There are many martial arts, it's the very broadest of terms, but they can often be broken down further into more specific categories. Such as combat sports. They are still martial arts, but the emphasis of the training is the defeat of an opponent within a controlled (i.e. there are rules), competitive environment.
Traditional martial arts were historically practised to defeat opponents in an uncontrolled environment (i.e. there are no rules), so the emphasis of the training and types of techniques which are successful are often entirely different.
Modern martial arts are those skills, techniques, tactics and strategies practised today to defeat modern opponents through the application of physical force and usually in an uncontrolled environment. Armies and police forces the world over make use of modern martial arts, in differing contexts.

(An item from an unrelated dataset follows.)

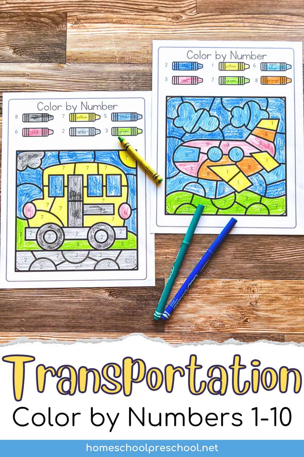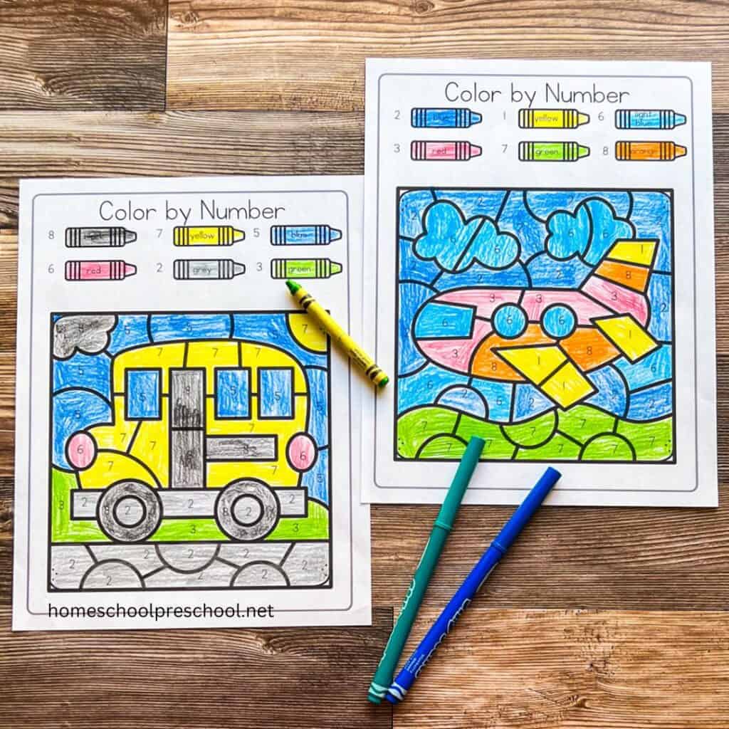 Transportation color by number worksheets are simple yet effective tools for teaching preschoolers about different modes of transportation while practicing coloring and number recognition.
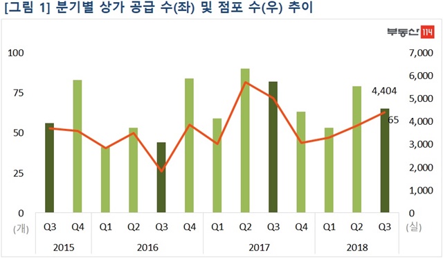 22일 부동산114 조사에 따르면 3분기에는 총 65개 사업장에서 상가가 공급됐다. 여름휴가철, 추석연휴 등이 끼어있는 분양 비수기에 들어서면서 2분기에 비해 18%가량 감소한 수치다. 한국토지주택공사(LH)가 공급한 단지 내 상가도 2분기 13개 사업장이 분양된 반면 3분기에는 6개로 반 토막 났다.

Martial arts also mutate over time. With constant usage as originally intended they remain as efficacious as they would have been in the past. However when an art becomes a combat sport, the techniques, tactics and strategies which are used to win the contest differ markedly from those needed to survive violent uncontrolled encounters, so the art changes over time. One of the best examples of this is wrestling. While within a sporting ring, wrestlers are very formidable, outside the ring in an uncontrolled environment many of the techniques and strategies used are today of dubious suitability.
Even without the deliberate switch to combat sport, when the directing influence of the violent environment is removed, the understanding of violence is eventually lost, the original art changes and so techniques are forgotten, misunderstood, poorly trained. The most extreme examples lose the martial component entirely and become traditional physical arts. You can see examples of this process in progress with various arts which are over time becoming less and less martial; Tai Chi, Aikido are examples where the emphasis is generally moving away from the martial aspect, and indeed, arts which appear to have lost all martial components entirely. Examples being Highland dancing, Morris dancing.
The efficacy of all martial arts should be considered suspect where they are taken out of context and where they are not being used regularly within an uncontrolled martial context.
Is Krav Maga a hybrid martial art? No, all martial arts are "hybrids" of earlier collections of strategies, tactics and techniques... it's not a useful term. It's simply a martial art; a name given to a collection of certain practises. A modern one rather than traditional, but one where the "use in anger" is relatively recent compared to others so less time has passed for it to mutate.